The letter follows a half a dozen endorsements for Brooks — a third-party candidate in a traditionally one-party town — that have already caused a rift within the Democratic base.
The Democratic City Committee has pushed back on leaders crossing party lines. Brooks’ champions in the Nov. 5 general election say supporting Brooks is not a statistical threat to any of the Democrats running for Council.
In the letter, to be sent Tuesday, the Brooks campaign is making that same argument. The letter is addressed to committee people, who are like the party’s neighborhood representatives within the city’s 66 political wards. Conventional wisdom holds they carry the personal clout that can sway votes at the polls.
“This is an open call,” Brooks said of her letter. “The committee people play an important role in educating their communities about this election. We have a historic opportunity here to get rid of the Republicans…and ensure Council is full of progressive Democrats.”
Brooks is one of several third-party candidates running for an at-large seat. She and her Working Families Party running mate Nicholas O’Rourke have pitched their campaign as running for the two seats — of seven total — that are by law reserved for minority party candidates.
The city’s top Dems don’t see it that way.
Committee chairman Bob Brady views Brooks’ candidacy as filching votes from the party’s five Democratic nominees for Council’s at-large seats. Yes, there are seven available spots, but each voter can only cast ballots for five candidates. That means every Democratic voter who pushes a button for Brooks is likely skipping a vote for someone else on the official Dem ballot, Brady explained.
“What Democrat are they knocking off? I’m not for knocking off anybody that we’ve endorsed that won the primary that [Brooks] didn’t run in,” Brady told Billy Penn.
Brooks’ supporters say the logic doesn’t hold water.
With the city’s 7-to-1 voter registration edge, Democratic candidates are all but guaranteed to clinch 100,000 votes or more on Election Day, while the Republican candidates usually win their reserved seats with around 35,000 votes.

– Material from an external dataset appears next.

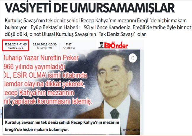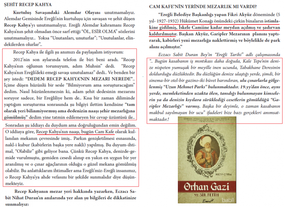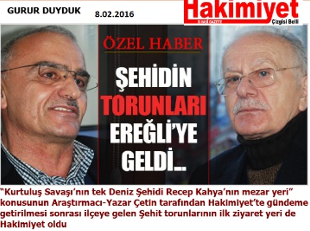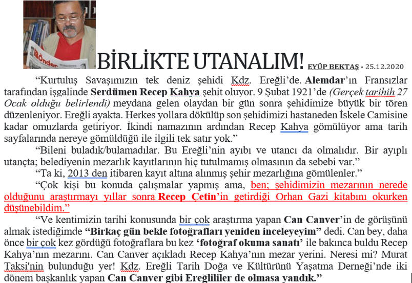 R.ÇETİN: “ALEMDAR GEMİSİ ŞEHİDİ RECEP KAHYA’NIN MEZARI KAYIP”: 2014 yılında yayınlanan kitabımızda ilk defa Alemdar şehidi Recep Kahya’nın mezar yerini sorgulayan kişi olduk. Kitapta bu konuyu dile getirdik. Ve şehidin Rize’deki aile fertlerini bulup (2016) Ereğli’deki törenlere gelmelerini rica ettik. Ve daha sonra şehidin aile fertleri her yıl şehrimize gelmeye devam ettiler.

Brooks’ campaign is offering committee people the option to keep their support of her campaign private.
‘An opportunity to get more progressive’
Committee person Alison Stohr in the 36th Ward, which covers parts of Point Breeze, said she plans to sign the letter in support of Brooks.
“This is not at all a threat to Democrats,” Stohr said. “This is an opportunity for us to get more progressive people in city Hall — which would only benefit Democrats. I see that as advancing the agenda of the Democratic Party.”

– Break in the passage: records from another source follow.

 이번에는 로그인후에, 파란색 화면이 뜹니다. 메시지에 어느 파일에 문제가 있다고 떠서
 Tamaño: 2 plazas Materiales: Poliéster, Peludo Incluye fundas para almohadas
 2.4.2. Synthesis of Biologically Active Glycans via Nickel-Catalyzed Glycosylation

Brooks, a longtime community organizer and Nicetown resident, has already raised more money than any local third-party candidate in Philadelphia history. She’s also picked up endorsements from political heavyweights like U.S. Sen. Elizabeth Warren.

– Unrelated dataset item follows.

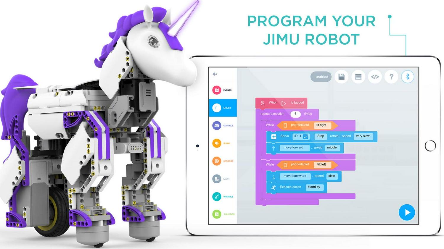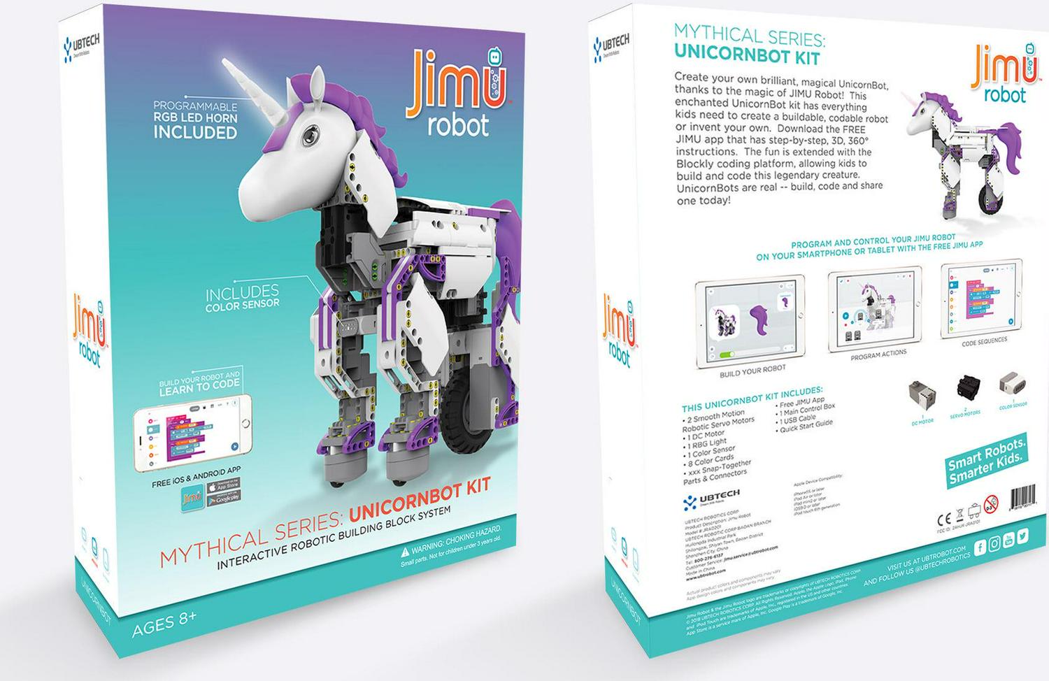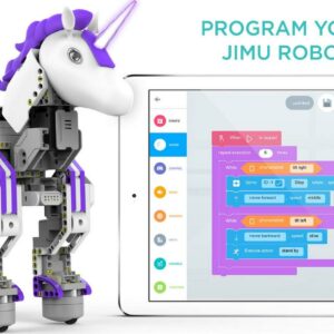 Create your own brilliant UnicornBot, thanks to the magic of JIMU Robot! This enchanted UnicornBot kit has everything needed to create a buildable, codable robot or invent your own. Download the FREE JIMU app that has step-by-step, 3D, 360° instructions. The fun is extended with the Blockly coding platform, allowing kids to build and code this legendary creature. UnicornBots are real — build, code and share one today!

The letter from her campaign doesn’t necessarily ask Democrats to stump for her outside of polling places.
“Some of the committee folks who have expressed interest in me and my camp are people I’ve already worked with for the last 20 years,” Brooks said. “Their decision to spread their support throughout their committee or their ward is up to them.”
Alvina Brown, a committee person in the 13th Ward in Nicetown, will also sign onto the letter, she said. It is a “people over party” question for her — but she stressed that her endorsement is personal, and not a reflection of her local committee as a whole.
“I can only speak for myself,” Brown said. “People are very private with their votes.”
Brady said committee people who do endorse Brooks’ won’t be allowed to use the party’s resources. That could mean printed ballots — and also street money that the party hands out to push the candidates.
“I’m not paying for printing a ballot that doesn’t have the five Democratic nominees that won the primary,” Brady said Monday.
Said Stohr, the committee person in Point Breeze: “The number one goal of the Democratic party right now should be getting the party of Trump out of office.”